:: YOUR OBJECTIVE ::
Pictures do not belong in the copy; print every entry exactly as it stands.

:: INPUT ::
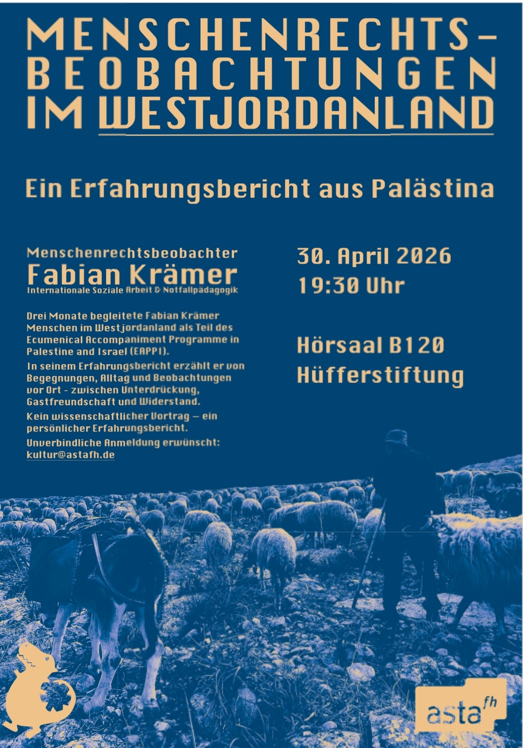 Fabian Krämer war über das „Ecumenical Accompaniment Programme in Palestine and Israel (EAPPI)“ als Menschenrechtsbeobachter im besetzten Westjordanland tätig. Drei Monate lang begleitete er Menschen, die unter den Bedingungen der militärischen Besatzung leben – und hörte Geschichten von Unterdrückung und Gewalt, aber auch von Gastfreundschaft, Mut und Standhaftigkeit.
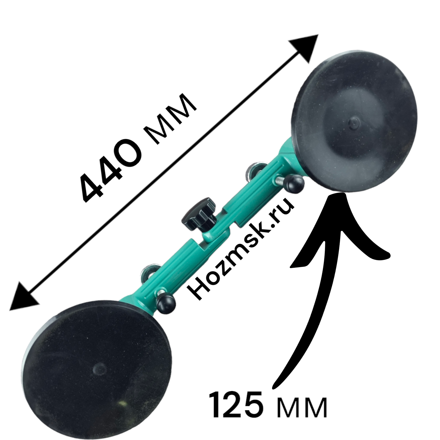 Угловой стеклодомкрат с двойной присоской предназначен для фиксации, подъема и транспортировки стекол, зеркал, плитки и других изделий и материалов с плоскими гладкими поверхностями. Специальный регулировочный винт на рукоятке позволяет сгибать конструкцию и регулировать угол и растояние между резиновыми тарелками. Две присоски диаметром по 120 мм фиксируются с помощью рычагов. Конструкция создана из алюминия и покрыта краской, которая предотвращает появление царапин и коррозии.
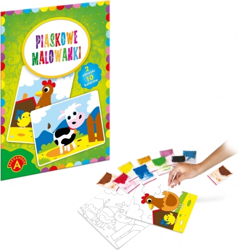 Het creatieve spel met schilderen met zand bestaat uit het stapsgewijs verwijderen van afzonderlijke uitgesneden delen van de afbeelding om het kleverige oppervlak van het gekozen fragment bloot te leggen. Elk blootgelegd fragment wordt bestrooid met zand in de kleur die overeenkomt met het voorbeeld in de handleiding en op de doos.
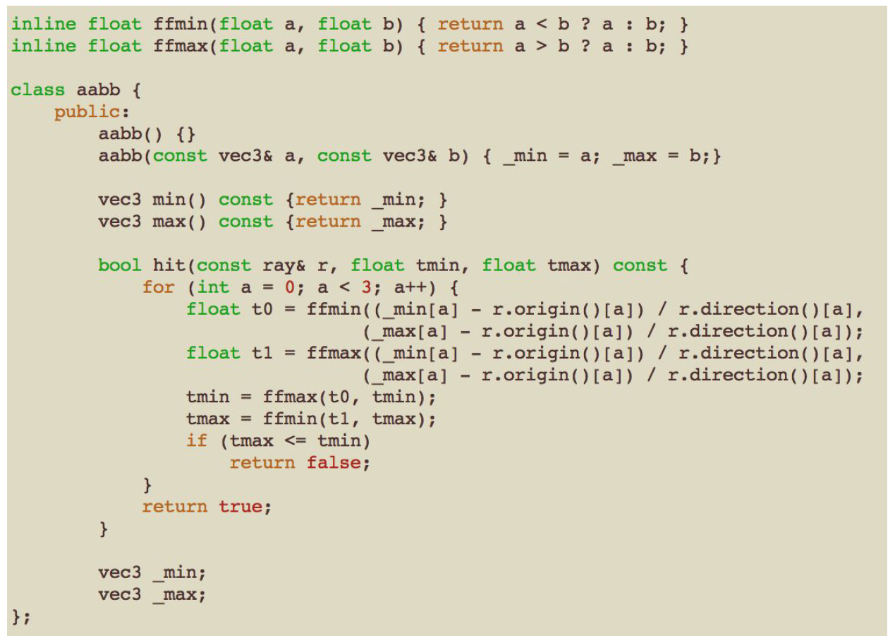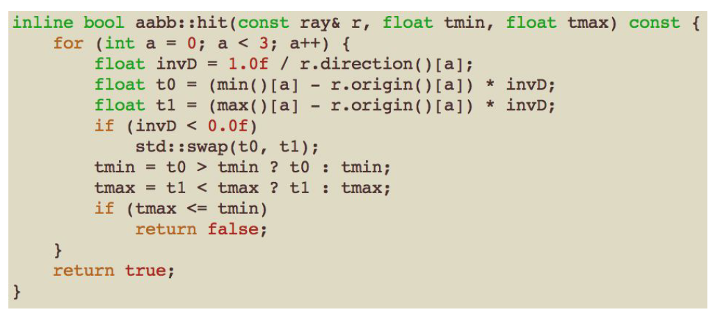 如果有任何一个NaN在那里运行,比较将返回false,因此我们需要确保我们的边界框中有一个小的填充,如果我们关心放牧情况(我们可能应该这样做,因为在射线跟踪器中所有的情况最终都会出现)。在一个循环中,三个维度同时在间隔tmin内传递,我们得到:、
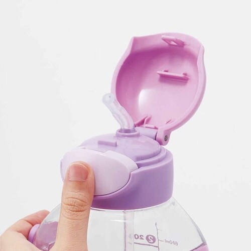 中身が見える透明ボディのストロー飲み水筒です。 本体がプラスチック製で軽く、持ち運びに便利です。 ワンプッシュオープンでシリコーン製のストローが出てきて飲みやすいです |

:: SOLUTION ::
 Fabian Krämer war über das „Ecumenical Accompaniment Programme in Palestine and Israel (EAPPI)“ als Menschenrechtsbeobachter im besetzten Westjordanland tätig. Drei Monate lang begleitete er Menschen, die unter den Bedingungen der militärischen Besatzung leben – und hörte Geschichten von Unterdrückung und Gewalt, aber auch von Gastfreundschaft, Mut und Standhaftigkeit.
 Угловой стеклодомкрат с двойной присоской предназначен для фиксации, подъема и транспортировки стекол, зеркал, плитки и других изделий и материалов с плоскими гладкими поверхностями. Специальный регулировочный винт на рукоятке позволяет сгибать конструкцию и регулировать угол и растояние между резиновыми тарелками. Две присоски диаметром по 120 мм фиксируются с помощью рычагов. Конструкция создана из алюминия и покрыта краской, которая предотвращает появление царапин и коррозии.
 Het creatieve spel met schilderen met zand bestaat uit het stapsgewijs verwijderen van afzonderlijke uitgesneden delen van de afbeelding om het kleverige oppervlak van het gekozen fragment bloot te leggen. Elk blootgelegd fragment wordt bestrooid met zand in de kleur die overeenkomt met het voorbeeld in de handleiding en op de doos.
 如果有任何一个NaN在那里运行,比较将返回false,因此我们需要确保我们的边界框中有一个小的填充,如果我们关心放牧情况(我们可能应该这样做,因为在射线跟踪器中所有的情况最终都会出现)。在一个循环中,三个维度同时在间隔tmin内传递,我们得到:、
 中身が見える透明ボディのストロー飲み水筒です。 本体がプラスチック製で軽く、持ち運びに便利です。 ワンプッシュオープンでシリコーン製のストローが出てきて飲みやすいです |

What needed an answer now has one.